Dataset records Start Marker

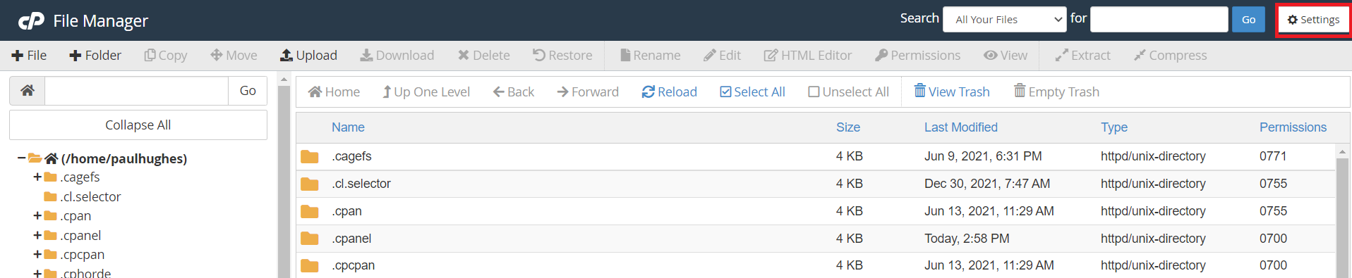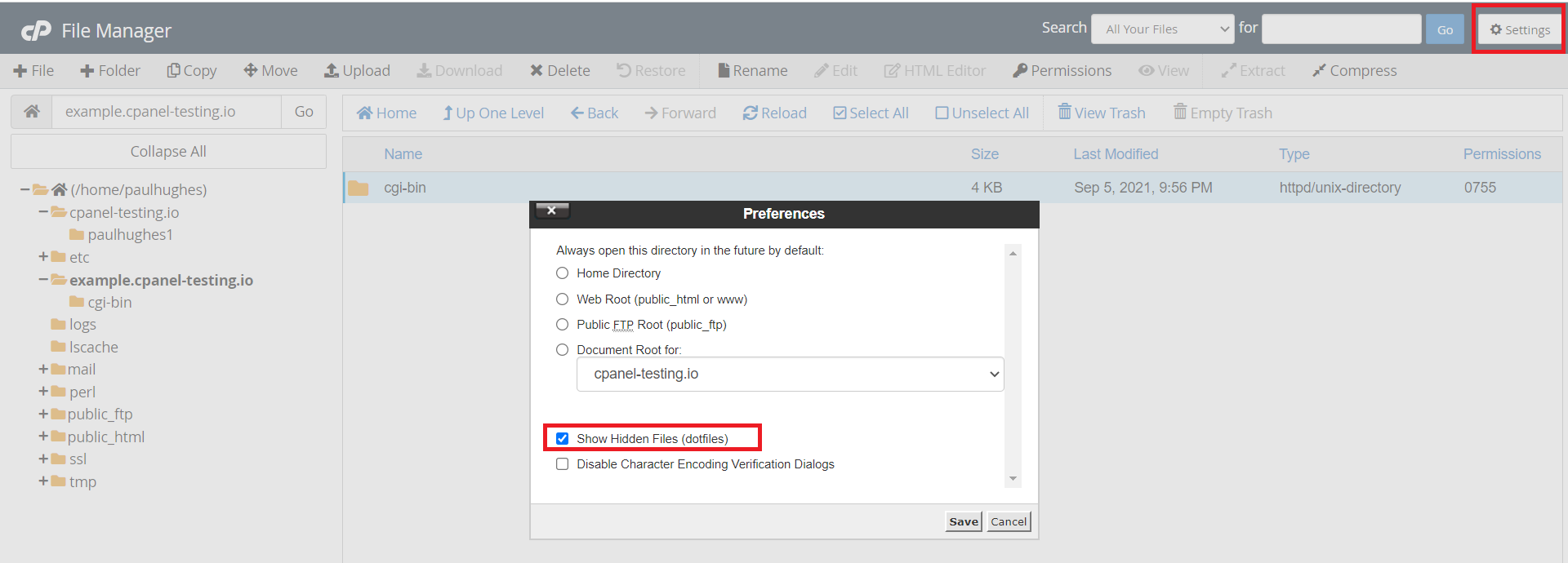 After selecting Save button, all the hidden files will be displayed in File Manager.
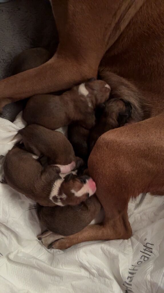 ZelleMeet Walley, a 6-year-old boxer. He is a proven stud. He has a strong, balanced structure with excellent muscle tone and throws out lots of healthy pups. He is very friendly and loves kids and other dogs. He weighs around 60lbs. We can do a contract for pick of the litter or a $150 stud fee.
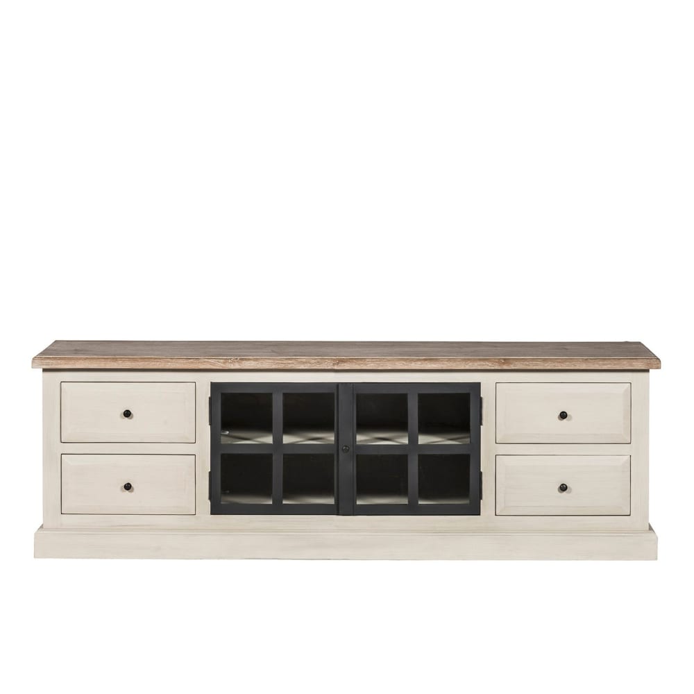 Meuble TV en bois 2 portes vitrées 4 tiroirs L170
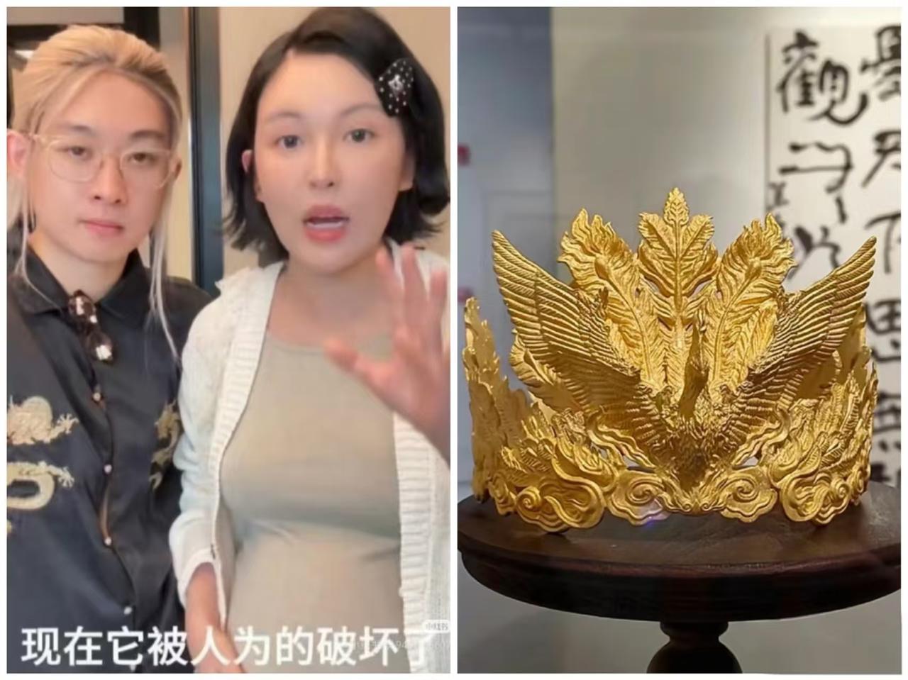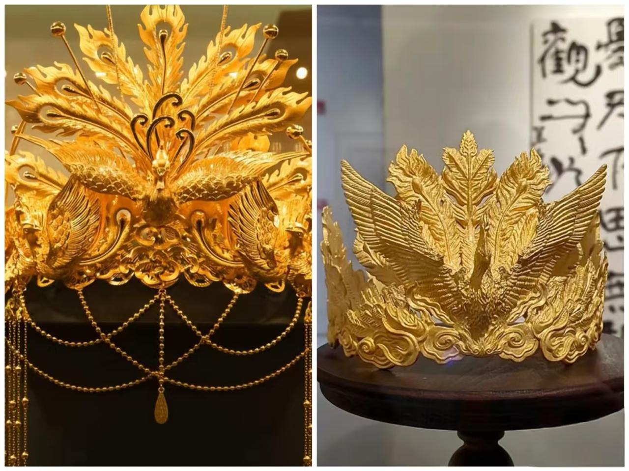 没有对比就没有伤害, “四斤黄金凤冠”最强打脸来了! 当霸王茶姬总裁VS千万粉丝网红,情况就变得有意思了很多。 张凯毅夫妻一直强调他们的黄金凤冠有多珍贵多值钱,单单手工费都要20多万,直到我们看到霸王茶姬总裁婚礼,他妻子头顶上戴的,才明白什么是真正意义上的凤冠! 不论是从成色还是工艺上,网红张凯毅那顶,逊色了不止一点点。尤其是把两张图放在一起对比,相信大家心底都有了答案。
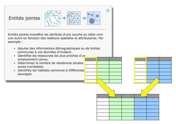 ArcGIS Online est une plateforme SIG qui propose des capacités de gestion et d'analyse de données de plus en plus complètes. Par exemple, vous pouvez réaliser des opérations classiques dans la base de données et dans les SIG notamment des jointures entre une couche et une table. A l'aide d'un attribut commun, vous pouvez ainsi mettre en correspondance les enregistrements de la table avec les entités de votre couche pour enrichir cette dernière de nouveaux attributs issus de la table jointe.

Dataset records End Marker

*Task objective:*
Word for word, give the data above again, without any images.

*Task solution:*
 After selecting Save button, all the hidden files will be displayed in File Manager.
 ZelleMeet Walley, a 6-year-old boxer. He is a proven stud. He has a strong, balanced structure with excellent muscle tone and throws out lots of healthy pups. He is very friendly and loves kids and other dogs. He weighs around 60lbs. We can do a contract for pick of the litter or a $150 stud fee.
 Meuble TV en bois 2 portes vitrées 4 tiroirs L170
 没有对比就没有伤害, “四斤黄金凤冠”最强打脸来了! 当霸王茶姬总裁VS千万粉丝网红,情况就变得有意思了很多。 张凯毅夫妻一直强调他们的黄金凤冠有多珍贵多值钱,单单手工费都要20多万,直到我们看到霸王茶姬总裁婚礼,他妻子头顶上戴的,才明白什么是真正意义上的凤冠! 不论是从成色还是工艺上,网红张凯毅那顶,逊色了不止一点点。尤其是把两张图放在一起对比,相信大家心底都有了答案。
 ArcGIS Online est une plateforme SIG qui propose des capacités de gestion et d'analyse de données de plus en plus complètes. Par exemple, vous pouvez réaliser des opérations classiques dans la base de données et dans les SIG notamment des jointures entre une couche et une table. A l'aide d'un attribut commun, vous pouvez ainsi mettre en correspondance les enregistrements de la table avec les entités de votre couche pour enrichir cette dernière de nouveaux attributs issus de la table jointe.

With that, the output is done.